**Exercise brief:** Two lines in the listing below mark the span: one contains "A MARK OF ISOLATION - V17" and one contains "14 — 15 CLIMBING ON THE RED TREE 2023". Reproduce both of them and everything between, exactly.

**Available data:**
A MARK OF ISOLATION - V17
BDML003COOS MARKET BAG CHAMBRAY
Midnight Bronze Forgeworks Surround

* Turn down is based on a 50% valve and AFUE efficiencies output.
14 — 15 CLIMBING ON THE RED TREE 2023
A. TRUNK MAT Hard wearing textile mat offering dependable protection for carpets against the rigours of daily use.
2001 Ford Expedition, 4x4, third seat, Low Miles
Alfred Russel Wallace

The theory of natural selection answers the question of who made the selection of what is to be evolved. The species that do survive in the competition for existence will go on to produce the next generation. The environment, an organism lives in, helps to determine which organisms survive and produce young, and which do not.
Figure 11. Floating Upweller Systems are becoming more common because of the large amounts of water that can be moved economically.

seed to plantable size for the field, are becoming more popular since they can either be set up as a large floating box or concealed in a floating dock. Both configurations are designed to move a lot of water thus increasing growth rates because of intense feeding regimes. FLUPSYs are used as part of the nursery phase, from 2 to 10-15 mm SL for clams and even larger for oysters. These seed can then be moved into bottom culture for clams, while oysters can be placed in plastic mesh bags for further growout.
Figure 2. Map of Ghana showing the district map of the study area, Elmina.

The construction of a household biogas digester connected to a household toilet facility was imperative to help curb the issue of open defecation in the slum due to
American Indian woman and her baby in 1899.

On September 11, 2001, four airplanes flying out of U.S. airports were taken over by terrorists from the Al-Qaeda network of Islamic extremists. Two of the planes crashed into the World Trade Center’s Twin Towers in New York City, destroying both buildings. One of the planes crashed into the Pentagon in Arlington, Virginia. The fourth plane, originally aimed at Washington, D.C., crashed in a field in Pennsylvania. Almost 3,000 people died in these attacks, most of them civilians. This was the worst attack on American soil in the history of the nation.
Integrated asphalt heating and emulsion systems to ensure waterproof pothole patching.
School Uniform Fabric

==

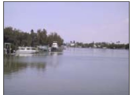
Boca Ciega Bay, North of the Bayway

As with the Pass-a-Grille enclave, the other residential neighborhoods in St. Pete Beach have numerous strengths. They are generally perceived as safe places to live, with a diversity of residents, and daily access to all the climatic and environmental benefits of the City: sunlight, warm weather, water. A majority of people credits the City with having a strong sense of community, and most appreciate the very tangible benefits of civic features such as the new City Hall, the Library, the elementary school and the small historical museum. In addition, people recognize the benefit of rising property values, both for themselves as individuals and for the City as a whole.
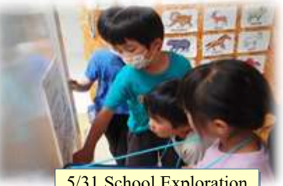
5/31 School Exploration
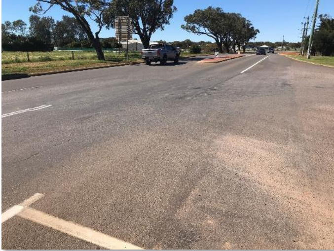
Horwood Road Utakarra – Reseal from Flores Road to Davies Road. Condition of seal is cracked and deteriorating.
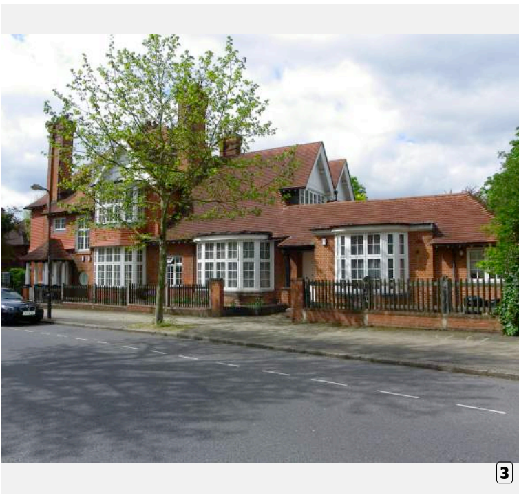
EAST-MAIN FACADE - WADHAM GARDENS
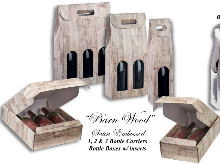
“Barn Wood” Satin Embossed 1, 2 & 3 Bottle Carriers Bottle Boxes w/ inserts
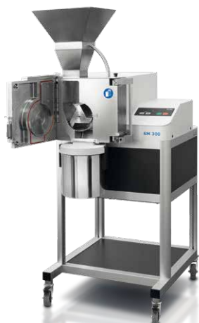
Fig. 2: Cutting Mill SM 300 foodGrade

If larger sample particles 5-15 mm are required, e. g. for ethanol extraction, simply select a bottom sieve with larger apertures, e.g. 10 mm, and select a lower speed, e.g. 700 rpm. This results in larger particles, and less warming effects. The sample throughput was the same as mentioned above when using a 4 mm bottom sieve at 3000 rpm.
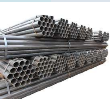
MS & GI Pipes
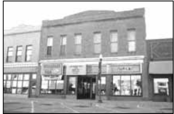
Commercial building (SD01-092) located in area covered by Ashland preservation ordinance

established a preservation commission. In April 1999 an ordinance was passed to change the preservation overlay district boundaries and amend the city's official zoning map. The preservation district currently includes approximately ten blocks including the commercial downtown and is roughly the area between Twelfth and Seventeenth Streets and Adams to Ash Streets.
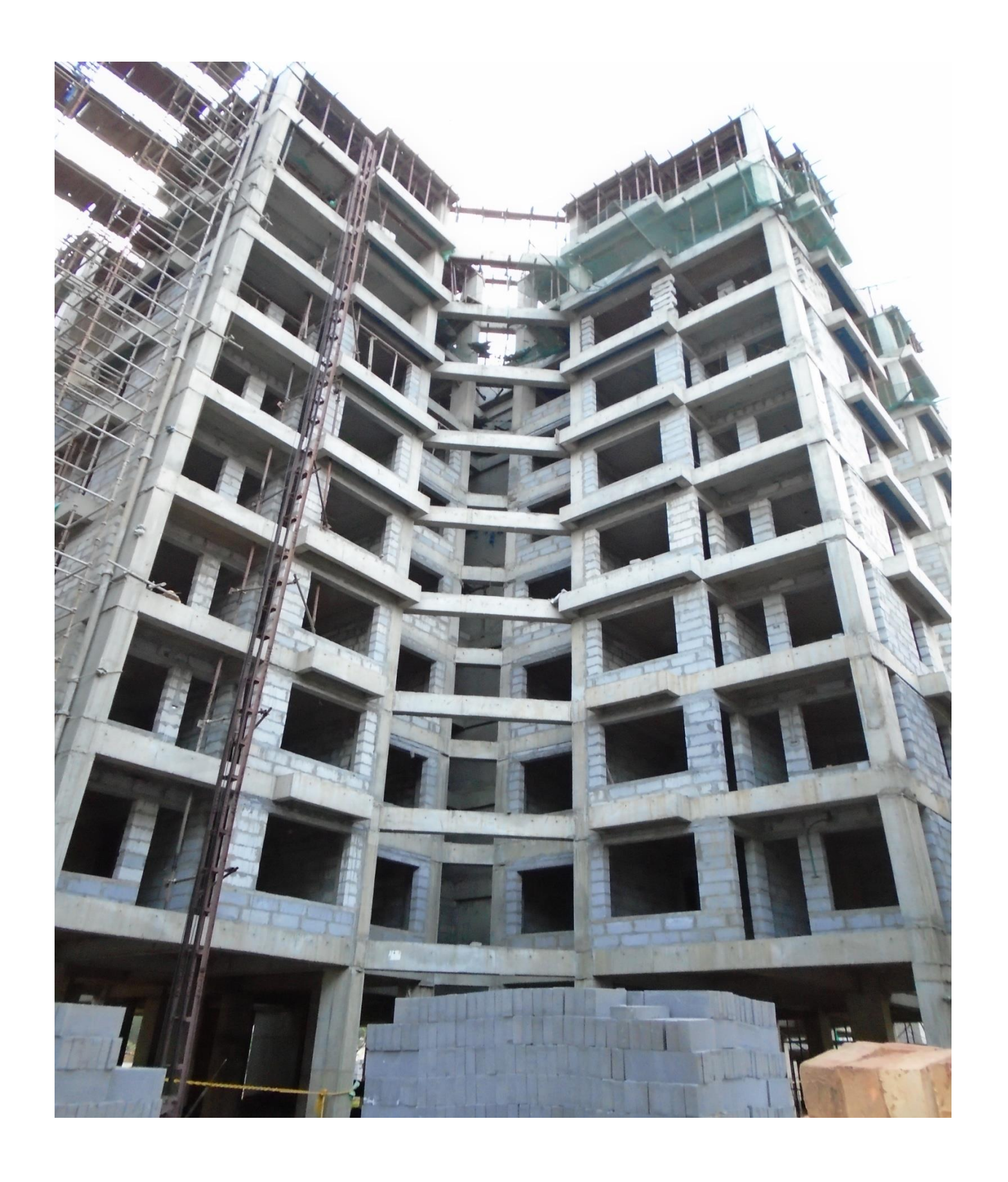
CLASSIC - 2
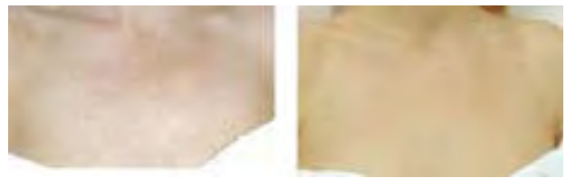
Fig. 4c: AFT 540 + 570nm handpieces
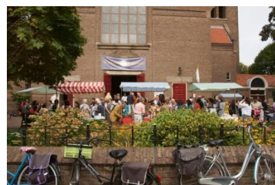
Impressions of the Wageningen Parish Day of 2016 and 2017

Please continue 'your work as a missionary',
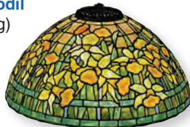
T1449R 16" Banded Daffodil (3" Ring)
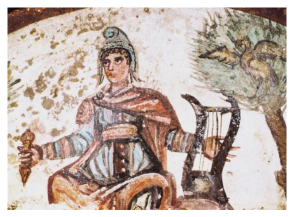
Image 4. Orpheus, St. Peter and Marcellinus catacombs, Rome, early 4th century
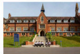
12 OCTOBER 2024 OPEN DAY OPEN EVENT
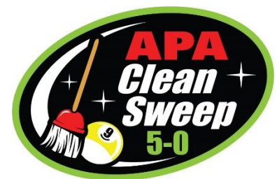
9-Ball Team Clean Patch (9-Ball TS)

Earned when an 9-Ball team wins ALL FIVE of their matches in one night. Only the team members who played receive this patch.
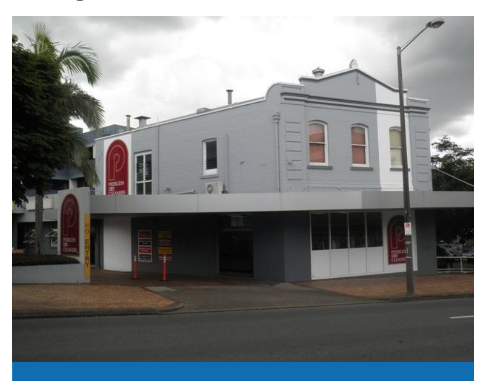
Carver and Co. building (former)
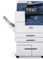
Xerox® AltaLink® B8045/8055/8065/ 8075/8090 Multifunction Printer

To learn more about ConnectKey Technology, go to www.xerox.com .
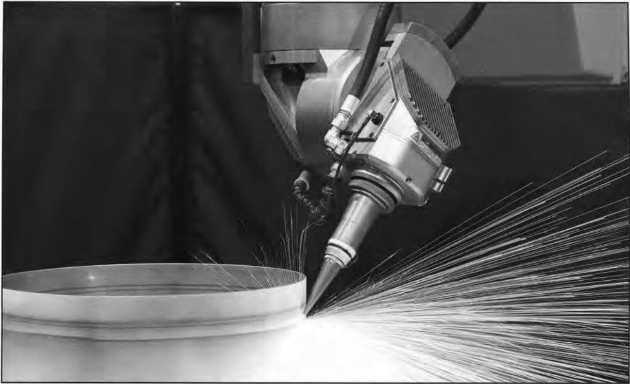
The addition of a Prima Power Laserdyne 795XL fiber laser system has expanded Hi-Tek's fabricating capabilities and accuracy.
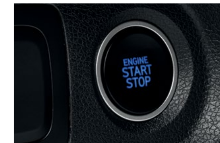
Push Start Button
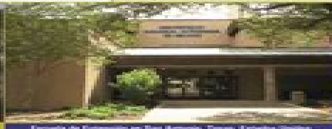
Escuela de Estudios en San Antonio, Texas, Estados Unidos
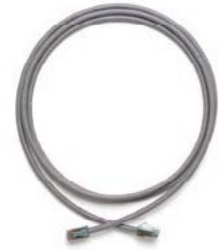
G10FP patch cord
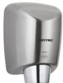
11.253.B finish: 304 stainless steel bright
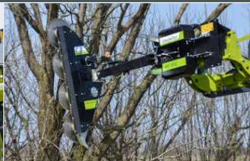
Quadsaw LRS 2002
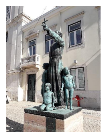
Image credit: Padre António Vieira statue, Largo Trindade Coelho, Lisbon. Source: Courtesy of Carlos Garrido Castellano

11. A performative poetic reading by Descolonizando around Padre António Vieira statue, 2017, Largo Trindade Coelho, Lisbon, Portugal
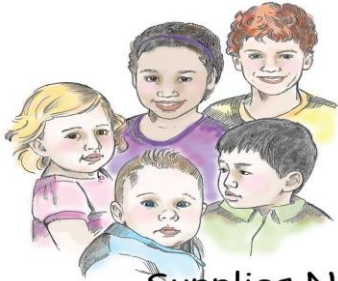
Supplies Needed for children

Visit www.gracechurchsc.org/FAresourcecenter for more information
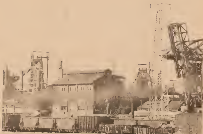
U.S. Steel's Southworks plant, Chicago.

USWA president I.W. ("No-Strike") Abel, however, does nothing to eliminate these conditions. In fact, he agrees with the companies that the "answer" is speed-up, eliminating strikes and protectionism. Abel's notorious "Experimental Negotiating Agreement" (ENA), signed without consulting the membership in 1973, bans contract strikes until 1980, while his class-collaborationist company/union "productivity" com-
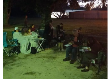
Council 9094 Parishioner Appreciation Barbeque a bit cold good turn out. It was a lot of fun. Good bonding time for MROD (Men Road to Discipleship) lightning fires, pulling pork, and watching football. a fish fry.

==

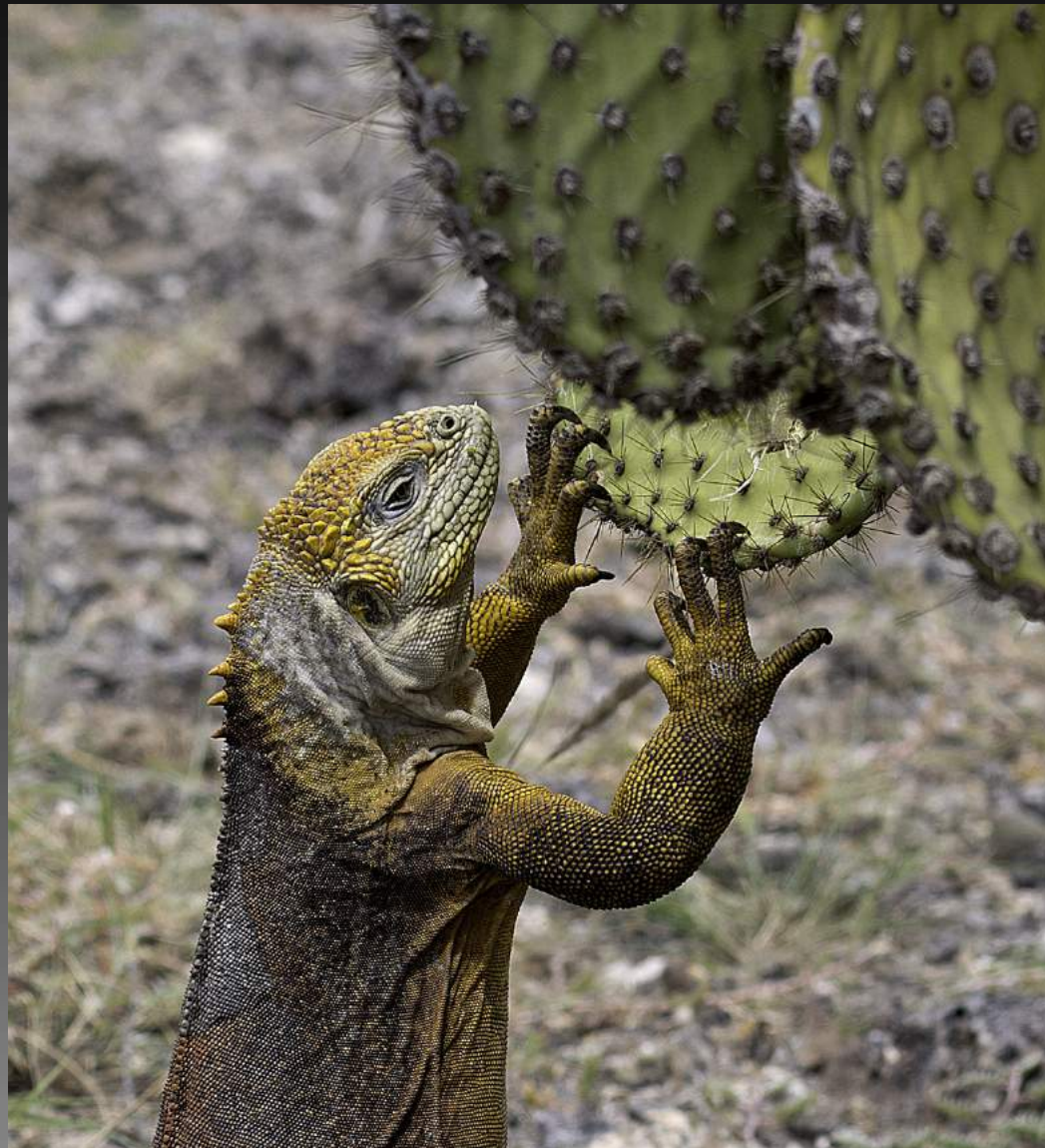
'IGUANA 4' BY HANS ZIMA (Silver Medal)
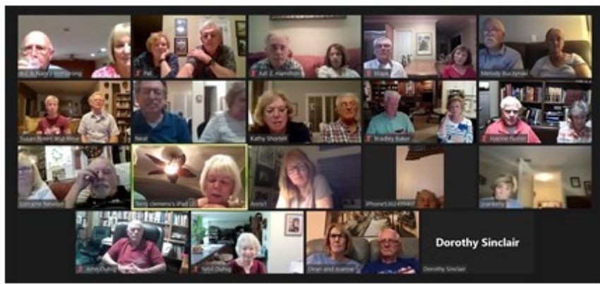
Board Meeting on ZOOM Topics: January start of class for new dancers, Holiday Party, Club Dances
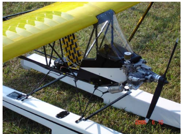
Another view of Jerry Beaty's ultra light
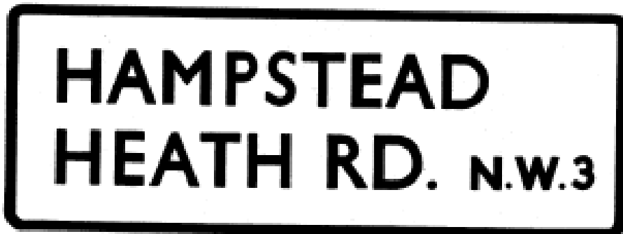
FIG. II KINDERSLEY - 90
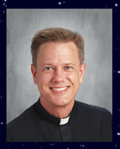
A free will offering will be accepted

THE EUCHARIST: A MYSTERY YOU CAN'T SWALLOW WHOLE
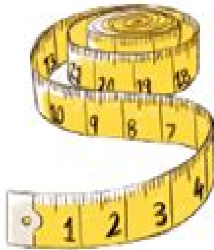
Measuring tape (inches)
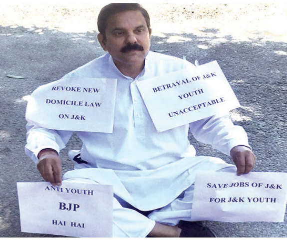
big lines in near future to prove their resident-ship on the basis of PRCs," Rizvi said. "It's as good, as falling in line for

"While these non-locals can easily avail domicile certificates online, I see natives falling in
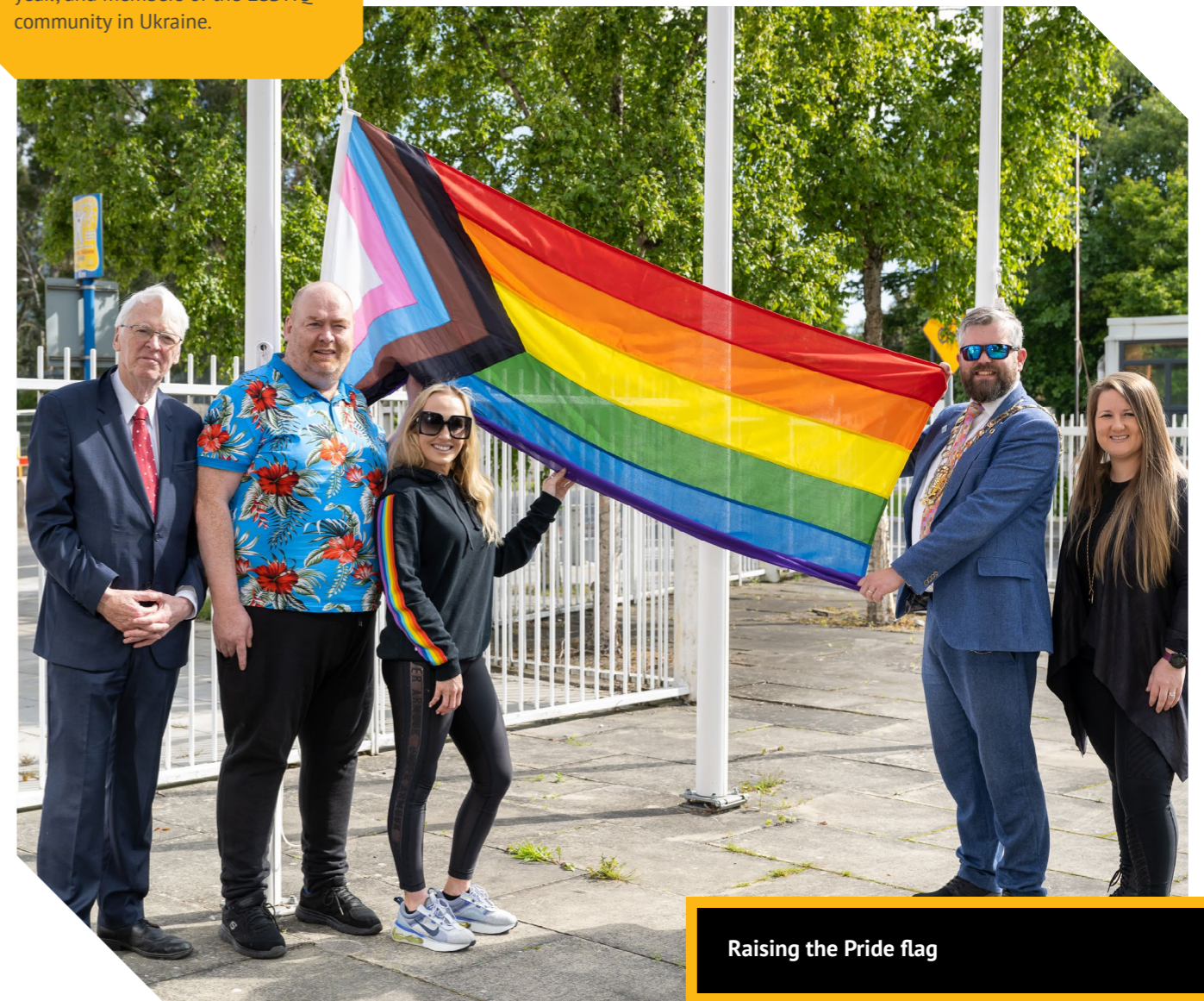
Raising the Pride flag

**Solution to the problem:**
A MARK OF ISOLATION - V17
BDML003COOS MARKET BAG CHAMBRAY
Midnight Bronze Forgeworks Surround

* Turn down is based on a 50% valve and AFUE efficiencies output.
14 — 15 CLIMBING ON THE RED TREE 2023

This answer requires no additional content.